Отчего Некрасов мне, да и всем, кого я знавал, становился с первого знакомства «родным»? Оттого, что он завязывал связь с ущемленным у нас, с болеющим, страдальческим и загнанным! Это было наше демократическое чувство и социальное положение. Все мы, уже в качестве учеников, были «под прессом», как члены семьи, мы были тоже «под прессом». Семья тогда была суровее сложена, чем теперь, была суше и официальнее. Между «отцами и детьми» не было того товарищества, какое так заметно разлилось в последние пятнадцать лет и росло в глубокой связи с вообще «освободительным движением», которое у нас было гораздо более культурою, чем политикою. Теперь невозможно было бы появление «Отцов и детей» Тургенева, — было бы бессмысленно и неправдоподобно: частность, на которую не оглядываются и которая одна искупает все «грехи» освободительного движения, какие ему приписываются или у него есть…

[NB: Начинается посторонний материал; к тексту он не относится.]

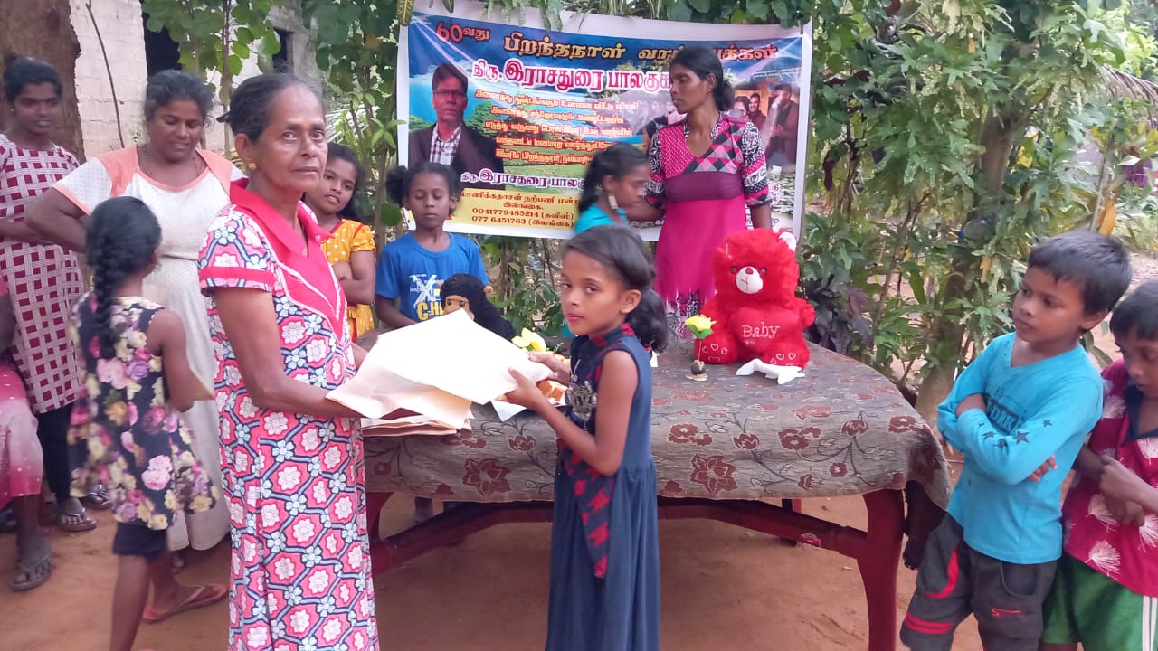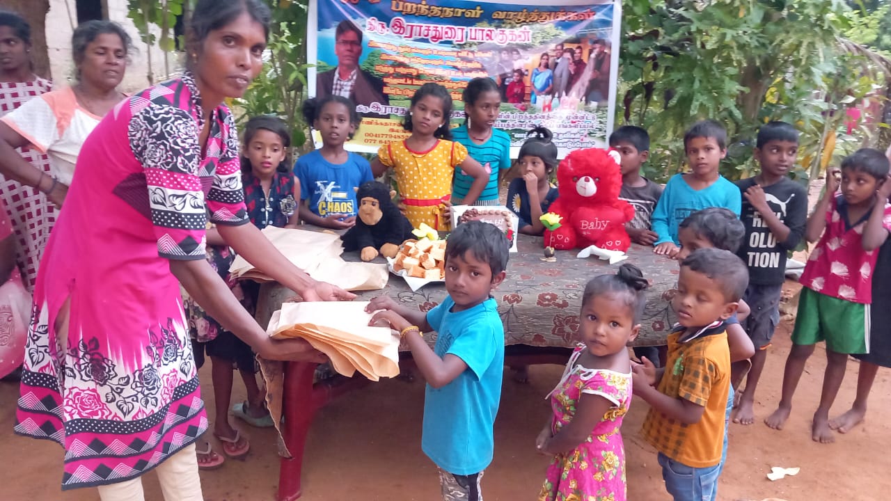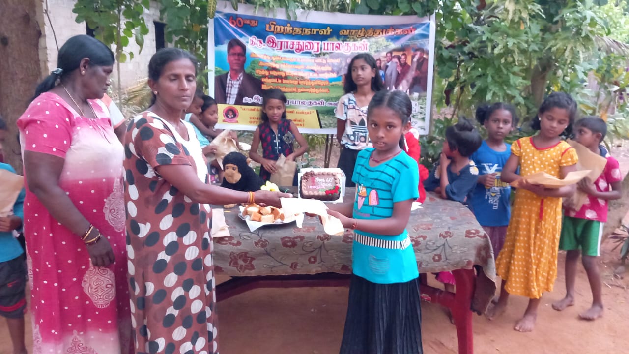 அந்த வகையில் இன்றைய தினம் வவுனியா எல்லைக் கிராமப் பிரதேசத்தில் மாணவர்கள் சிறுவர், சிறுமியர் அவர்களின் பெற்றோர்கள், அக்கிராம பொதுமக்கள் என பெருமளவானவர்கள் கலந்து கொண்டு திரு பாலகுகன் அவர்களது அறுபதாவது மணிவிழா பிறந்தநாள் கொண்டாட்ட நிகழ்வில் பங்கு கொண்டனர்.

Как известно, Некрасов не был человеком высшего образования, а среднего. Великий ум его, великое здравомыслие и чуткость сказались в том, что он всю симпатию свою положил не вперед, до чего он не Дошел, а назад, что он прошел… Прошел, видел и ощутил. Отсюда поэзия его налилась соком действительности, реализма и вместе получила крайне простой, немного распущенный вид. Он брал темы «под Рукой», а не «издали», и обращался с ними «за панибрата», а не «с почтением». Это и образовало дух его поэзии и даже выковало фактуру его стиха, немного распущенного, «домашнего», до известной степени «халатного». Все это было так ново тогда! И до сих пор в этих чертах своих он не превзойден ни одним поэтом.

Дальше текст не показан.